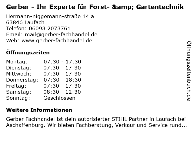 Branchen & Suchbegriffe zu Gerber - Ihr Experte für Forst- & Gartentechnik:experte, forst, gartentechnik, gerber, geschäft für arbeitskleidung, ihr, kleinmotorenreparatur, maschinenwerkstatt, rasenpflegedienst, reparaturservice für rasenmäher, schleif- und schärfservice |
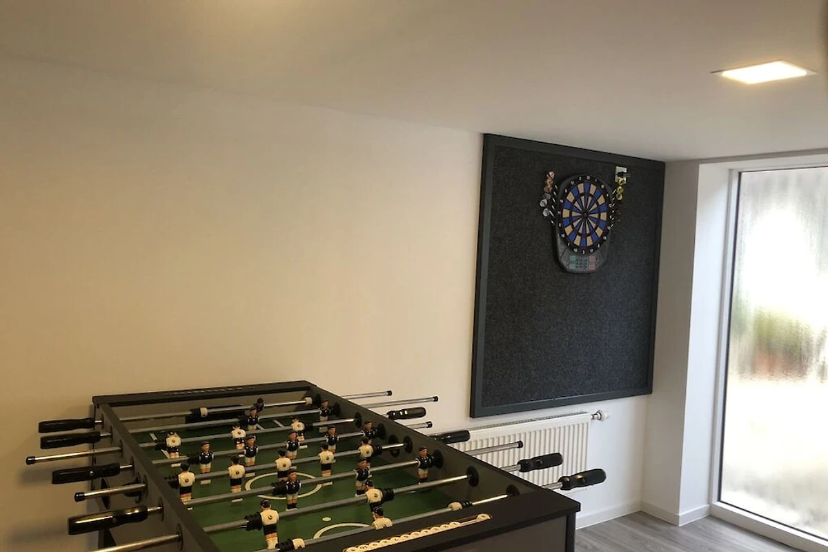 Abbiamo passato un ottimo momento in questa casa vacanze! La posizione era perfetta per esplorare la regione dell'Harz, Ho adorato il soggiorno accogliente e i letti super comodi, Abbiamo trascorso serate a giocare a freccette nella sala comune, che era un buon modo per rilassarsi dopo una giornata di escursioni, La terrazza era incantevole per il caffè del mattino, avrei solo voluto che il WiFi fosse un po' più veloce, Nel complesso, tornerei senza esitazione!
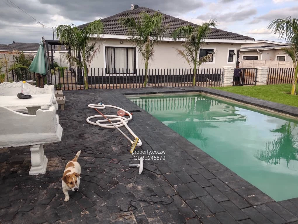 4 Bed, Study, ensuite, open Plan, swimming Pool, Gazebo, Outside Shower Plus toilet, Reliable Zesa, 3kva backup, Solar/Electricity Geyser, CCTV, Alarm System, Electric gate, intercom, Telone Fibre, also Liquid Fibre cables, Shared bore hall, water well also connected to tanks with water all year round, 2 X 5000L water tanks with booster pump, developers session (ready for tittle)
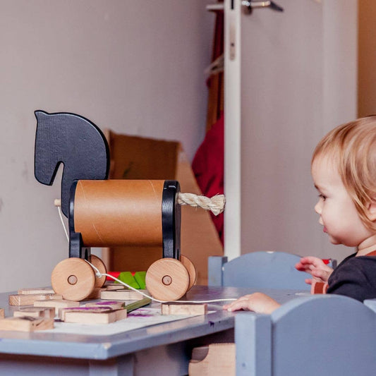 Holzspielzeug-Safebox auf Rädern - Katze
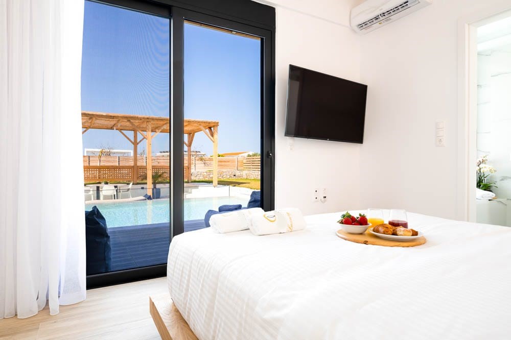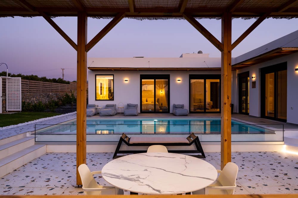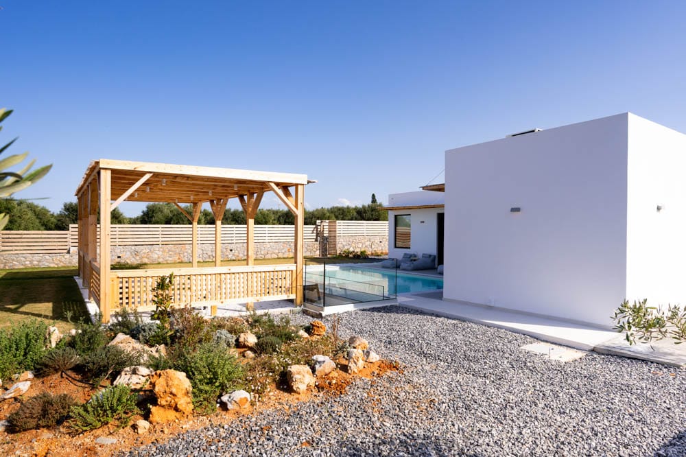 Brand-new modern villa Sara-Due, with 2 bedrooms and a private pool, in the popular tourist village of Analipsi, the island of Crete for rent.
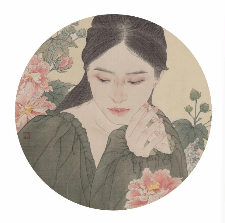 《工笔人物团扇》30cmx30cm绢本

------------------------

Could you reproduce all of the material exactly? Keep the pictures out of it.

Written response:
 Branchen & Suchbegriffe zu Gerber - Ihr Experte für Forst- & Gartentechnik:experte, forst, gartentechnik, gerber, geschäft für arbeitskleidung, ihr, kleinmotorenreparatur, maschinenwerkstatt, rasenpflegedienst, reparaturservice für rasenmäher, schleif- und schärfservice |
 Abbiamo passato un ottimo momento in questa casa vacanze! La posizione era perfetta per esplorare la regione dell'Harz, Ho adorato il soggiorno accogliente e i letti super comodi, Abbiamo trascorso serate a giocare a freccette nella sala comune, che era un buon modo per rilassarsi dopo una giornata di escursioni, La terrazza era incantevole per il caffè del mattino, avrei solo voluto che il WiFi fosse un po' più veloce, Nel complesso, tornerei senza esitazione!
 4 Bed, Study, ensuite, open Plan, swimming Pool, Gazebo, Outside Shower Plus toilet, Reliable Zesa, 3kva backup, Solar/Electricity Geyser, CCTV, Alarm System, Electric gate, intercom, Telone Fibre, also Liquid Fibre cables, Shared bore hall, water well also connected to tanks with water all year round, 2 X 5000L water tanks with booster pump, developers session (ready for tittle)
 Holzspielzeug-Safebox auf Rädern - Katze
 Brand-new modern villa Sara-Due, with 2 bedrooms and a private pool, in the popular tourist village of Analipsi, the island of Crete for rent.
 《工笔人物团扇》30cmx30cm绢本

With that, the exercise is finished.